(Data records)

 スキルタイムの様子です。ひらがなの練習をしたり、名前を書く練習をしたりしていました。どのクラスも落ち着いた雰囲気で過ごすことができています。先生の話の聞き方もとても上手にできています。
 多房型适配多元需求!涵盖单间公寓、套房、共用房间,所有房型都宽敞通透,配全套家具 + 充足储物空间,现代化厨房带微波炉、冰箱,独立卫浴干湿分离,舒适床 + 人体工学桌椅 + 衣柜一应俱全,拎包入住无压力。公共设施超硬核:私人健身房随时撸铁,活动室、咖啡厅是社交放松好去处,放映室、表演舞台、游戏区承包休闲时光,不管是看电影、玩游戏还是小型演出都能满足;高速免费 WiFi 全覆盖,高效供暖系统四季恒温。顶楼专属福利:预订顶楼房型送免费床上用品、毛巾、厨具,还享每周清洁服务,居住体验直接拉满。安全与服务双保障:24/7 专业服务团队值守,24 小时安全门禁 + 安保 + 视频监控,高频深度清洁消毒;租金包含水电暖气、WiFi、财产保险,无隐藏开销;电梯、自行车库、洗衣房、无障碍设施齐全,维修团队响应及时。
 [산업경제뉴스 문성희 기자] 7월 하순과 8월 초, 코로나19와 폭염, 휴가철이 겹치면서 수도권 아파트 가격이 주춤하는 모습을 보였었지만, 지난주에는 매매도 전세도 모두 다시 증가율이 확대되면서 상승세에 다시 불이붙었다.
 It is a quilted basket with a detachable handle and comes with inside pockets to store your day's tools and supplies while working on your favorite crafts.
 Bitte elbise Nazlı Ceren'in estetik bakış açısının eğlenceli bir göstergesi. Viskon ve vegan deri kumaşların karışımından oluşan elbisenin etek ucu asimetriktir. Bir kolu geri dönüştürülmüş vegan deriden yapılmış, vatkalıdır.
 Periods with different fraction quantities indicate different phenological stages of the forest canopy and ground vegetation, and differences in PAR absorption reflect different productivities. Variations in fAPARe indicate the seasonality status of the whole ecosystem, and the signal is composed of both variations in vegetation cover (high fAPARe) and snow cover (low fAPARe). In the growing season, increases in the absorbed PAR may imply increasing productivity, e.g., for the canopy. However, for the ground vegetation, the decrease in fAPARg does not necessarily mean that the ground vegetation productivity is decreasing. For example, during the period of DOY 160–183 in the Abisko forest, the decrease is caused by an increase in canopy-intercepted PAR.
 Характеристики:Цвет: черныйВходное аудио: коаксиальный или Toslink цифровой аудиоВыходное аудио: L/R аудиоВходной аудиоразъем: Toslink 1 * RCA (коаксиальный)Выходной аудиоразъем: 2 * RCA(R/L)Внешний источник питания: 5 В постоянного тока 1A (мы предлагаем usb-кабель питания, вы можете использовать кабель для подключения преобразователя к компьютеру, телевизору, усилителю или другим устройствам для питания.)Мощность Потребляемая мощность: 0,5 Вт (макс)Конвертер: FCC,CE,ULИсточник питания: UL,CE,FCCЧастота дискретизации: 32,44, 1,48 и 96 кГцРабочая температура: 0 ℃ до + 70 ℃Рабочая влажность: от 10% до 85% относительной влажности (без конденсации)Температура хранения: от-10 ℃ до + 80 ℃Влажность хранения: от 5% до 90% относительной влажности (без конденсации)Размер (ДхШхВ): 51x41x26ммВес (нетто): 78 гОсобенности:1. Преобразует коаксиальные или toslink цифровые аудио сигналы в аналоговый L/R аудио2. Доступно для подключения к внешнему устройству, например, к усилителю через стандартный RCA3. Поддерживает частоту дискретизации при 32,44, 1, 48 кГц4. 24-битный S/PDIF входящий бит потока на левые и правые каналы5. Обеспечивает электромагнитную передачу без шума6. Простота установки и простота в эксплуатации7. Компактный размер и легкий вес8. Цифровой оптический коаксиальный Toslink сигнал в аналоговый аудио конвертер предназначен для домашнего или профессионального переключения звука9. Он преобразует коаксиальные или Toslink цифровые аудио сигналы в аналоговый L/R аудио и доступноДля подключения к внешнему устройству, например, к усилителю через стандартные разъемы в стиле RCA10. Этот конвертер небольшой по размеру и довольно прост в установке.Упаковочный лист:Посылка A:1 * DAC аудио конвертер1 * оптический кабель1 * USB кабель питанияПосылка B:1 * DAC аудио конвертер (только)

ACTION ITEM: The entries shown above must be restated word for word.

ANSWER AREA:
 スキルタイムの様子です。ひらがなの練習をしたり、名前を書く練習をしたりしていました。どのクラスも落ち着いた雰囲気で過ごすことができています。先生の話の聞き方もとても上手にできています。
 多房型适配多元需求!涵盖单间公寓、套房、共用房间,所有房型都宽敞通透,配全套家具 + 充足储物空间,现代化厨房带微波炉、冰箱,独立卫浴干湿分离,舒适床 + 人体工学桌椅 + 衣柜一应俱全,拎包入住无压力。公共设施超硬核:私人健身房随时撸铁,活动室、咖啡厅是社交放松好去处,放映室、表演舞台、游戏区承包休闲时光,不管是看电影、玩游戏还是小型演出都能满足;高速免费 WiFi 全覆盖,高效供暖系统四季恒温。顶楼专属福利:预订顶楼房型送免费床上用品、毛巾、厨具,还享每周清洁服务,居住体验直接拉满。安全与服务双保障:24/7 专业服务团队值守,24 小时安全门禁 + 安保 + 视频监控,高频深度清洁消毒;租金包含水电暖气、WiFi、财产保险,无隐藏开销;电梯、自行车库、洗衣房、无障碍设施齐全,维修团队响应及时。
 [산업경제뉴스 문성희 기자] 7월 하순과 8월 초, 코로나19와 폭염, 휴가철이 겹치면서 수도권 아파트 가격이 주춤하는 모습을 보였었지만, 지난주에는 매매도 전세도 모두 다시 증가율이 확대되면서 상승세에 다시 불이붙었다.
 It is a quilted basket with a detachable handle and comes with inside pockets to store your day's tools and supplies while working on your favorite crafts.
 Bitte elbise Nazlı Ceren'in estetik bakış açısının eğlenceli bir göstergesi. Viskon ve vegan deri kumaşların karışımından oluşan elbisenin etek ucu asimetriktir. Bir kolu geri dönüştürülmüş vegan deriden yapılmış, vatkalıdır.
 Periods with different fraction quantities indicate different phenological stages of the forest canopy and ground vegetation, and differences in PAR absorption reflect different productivities. Variations in fAPARe indicate the seasonality status of the whole ecosystem, and the signal is composed of both variations in vegetation cover (high fAPARe) and snow cover (low fAPARe). In the growing season, increases in the absorbed PAR may imply increasing productivity, e.g., for the canopy. However, for the ground vegetation, the decrease in fAPARg does not necessarily mean that the ground vegetation productivity is decreasing. For example, during the period of DOY 160–183 in the Abisko forest, the decrease is caused by an increase in canopy-intercepted PAR.
 Характеристики:Цвет: черныйВходное аудио: коаксиальный или Toslink цифровой аудиоВыходное аудио: L/R аудиоВходной аудиоразъем: Toslink 1 * RCA (коаксиальный)Выходной аудиоразъем: 2 * RCA(R/L)Внешний источник питания: 5 В постоянного тока 1A (мы предлагаем usb-кабель питания, вы можете использовать кабель для подключения преобразователя к компьютеру, телевизору, усилителю или другим устройствам для питания.)Мощность Потребляемая мощность: 0,5 Вт (макс)Конвертер: FCC,CE,ULИсточник питания: UL,CE,FCCЧастота дискретизации: 32,44, 1,48 и 96 кГцРабочая температура: 0 ℃ до + 70 ℃Рабочая влажность: от 10% до 85% относительной влажности (без конденсации)Температура хранения: от-10 ℃ до + 80 ℃Влажность хранения: от 5% до 90% относительной влажности (без конденсации)Размер (ДхШхВ): 51x41x26ммВес (нетто): 78 гОсобенности:1. Преобразует коаксиальные или toslink цифровые аудио сигналы в аналоговый L/R аудио2. Доступно для подключения к внешнему устройству, например, к усилителю через стандартный RCA3. Поддерживает частоту дискретизации при 32,44, 1, 48 кГц4. 24-битный S/PDIF входящий бит потока на левые и правые каналы5. Обеспечивает электромагнитную передачу без шума6. Простота установки и простота в эксплуатации7. Компактный размер и легкий вес8. Цифровой оптический коаксиальный Toslink сигнал в аналоговый аудио конвертер предназначен для домашнего или профессионального переключения звука9. Он преобразует коаксиальные или Toslink цифровые аудио сигналы в аналоговый L/R аудио и доступноДля подключения к внешнему устройству, например, к усилителю через стандартные разъемы в стиле RCA10. Этот конвертер небольшой по размеру и довольно прост в установке.Упаковочный лист:Посылка A:1 * DAC аудио конвертер1 * оптический кабель1 * USB кабель питанияПосылка B:1 * DAC аудио конвертер (только)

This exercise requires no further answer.